B. Self-Regulatory Organization's Statement on Burden on Competition

    FINRA does not believe that the temporary proposed rule change will 
result in any burden on competition that is not necessary or 
appropriate in furtherance of the purposes of the Act. As set forth in 
the Temporary Qualification Examination Relief Filings, the proposed 
rule change is intended solely to extend temporary relief necessitated 
by the continued impacts of the COVID-19 outbreak and the related 
health and safety risks of conducting in-person activities.
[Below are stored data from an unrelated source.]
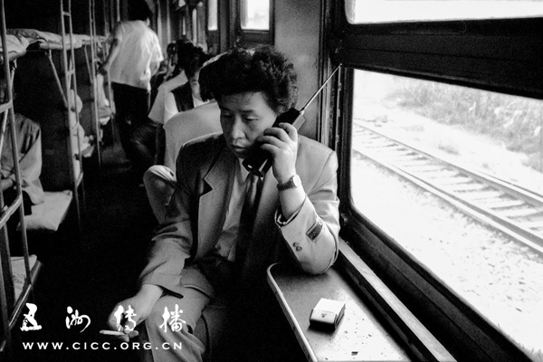 20世纪90年代初期,“大哥大”刚刚在中国大陆开始出现,是少数人才能拥有的奢侈品,也是一个社会人的身份象征。人仿佛是奇怪的生物,要靠外在的物品来印证自己的气质和派头。图为坐在卧铺车厢穿着未摘掉标牌的西装的生意人。
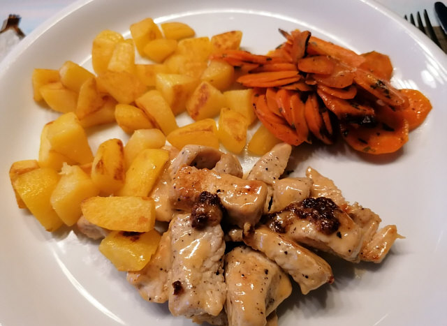 Putengeschnetzeltes, Bratkartoffeln und Möhren.
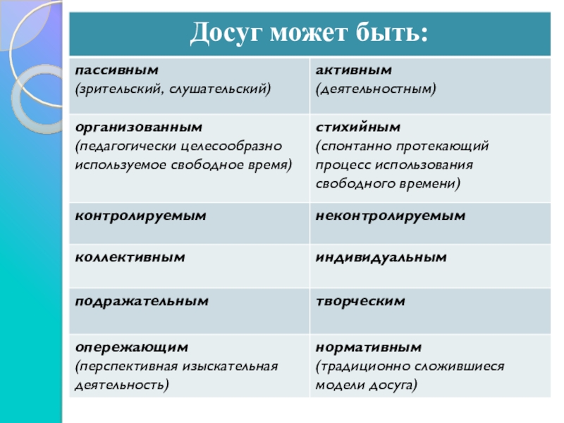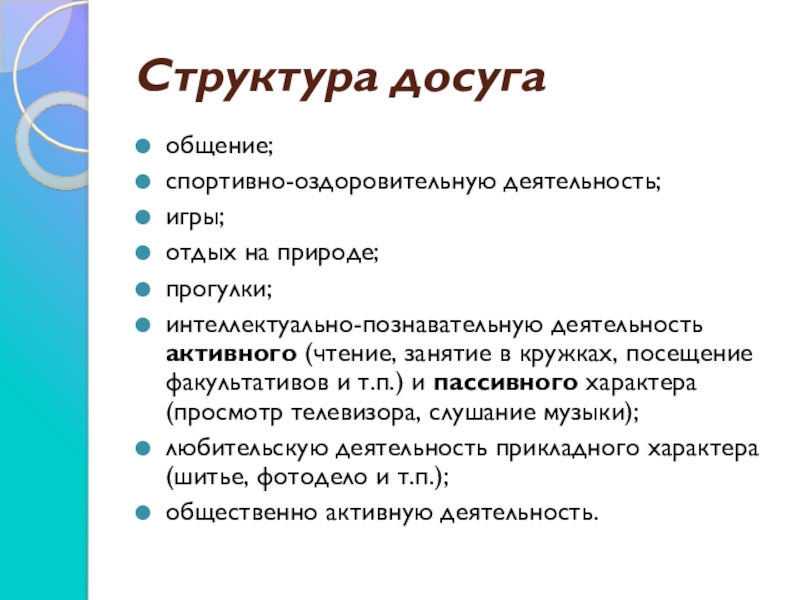 активного (чтение, занятие в кружках, посещение факультативов и т.п.) и пассивного характера (просмотр телевизора, слушание музыки);

FINRA 
believes that the proposed rule change is necessary to temporarily 
rebalance the attendant benefits and costs of the obligations under 
FINRA Rules 1210 and 1220 in response to the impacts of the COVID-19 
pandemic that would otherwise result if the temporary amendments were 
to expire on April 30, 2021.

C. Self-Regulatory Organization's Statement on Comments on the Proposed 
Rule Change Received From Members, Participants, or Others

    Written comments were neither solicited nor received.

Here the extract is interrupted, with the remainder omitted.